| > I recently copied a website that is a password protected
> message forum. I used the Capture URL feature to record
my
> username and password. After completing the mirror, Many,
> but not all, of the messages that I had posted on the
site
> were deleted from the website, but were intact on my
local
> copy that I had just made.
> Is there a setting or filter that I should have used to
> prevent this?
This is definitely a design bug on the server, because
regular URLs (generating GET requests) should not have side-
effects to on the database. Especially, "delete" or "move"
actions should always be triggere by POSTed forms, so that
regular crawlers do not "f up" the forum when running.

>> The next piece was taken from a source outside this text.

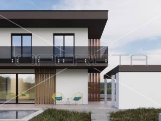 The yard is completed with a 36 m2 swimming pool, a covered terrace, and an auxiliary building, also covered and designed as a summer kitchen. The remaining environment will be enriched with Mediterranean plants, a meadow, and parking for 3 cars.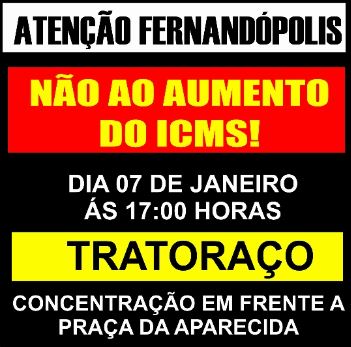 Está marcado para a próxima quinta-feira, 07, a partir das 17h um “tratoraço” em Fernandópolis e diversas outras cidades do interior paulista em protesto contra o aumento do ICMS sobre diversos itens e insumos, que devem onerar os custos de produção e potencialmente elevar os preços dos alimentos, combustíveis e até da energia elétrica. A manifestação está sendo organizada pelo Sindicato Rural da Alta Noroeste (SIRAN).

Anyway, the mandatory analysis to be done BEFORE crawling a
forum is to list which links are composing the forum ; such
as:
- links to display a regular page ; such as
<http://www.example.com/myforum/forum.cgi?id=1234&foobar=cherry>
- links to display the next page or previous page following
a regular page ; such as
<http://www.example.com/myforum/forum.cgi?id=1234&foobar=cherry&next>
which is, in this example, identical to:
<http://www.example.com/myforum/forum.cgi?id=1235&foobar=cherry>
- links to make an action, such as delete or reply
<http://www.example.com/myforum/forum.cgi?delete&id=1234>
or
<http://www.example.com/myforum/forum.cgi?reply&id=1234>
Here, you'll have to use scan rules such as:
-* +www.example.com/myforum/forum.cgi*
-www.example.com/myforum/forum.cgi*delete*
-www.example.com/myforum/forum.cgi*reply*
-www.example.com/myforum/forum.cgi*next*
-www.example.com/myforum/forum.cgi*previous*
To get all regular forum pages, except the "delete/reply"
links, and except "previous" ans "next" pages, which would
cause to fetch all pages in 3 identical versions, wasting
3X bandwidth.
You can also, optionnally, include images or related files
that could be located outside the forum:
+*.gif +*.jpg +*.png +*.css +*.js
| |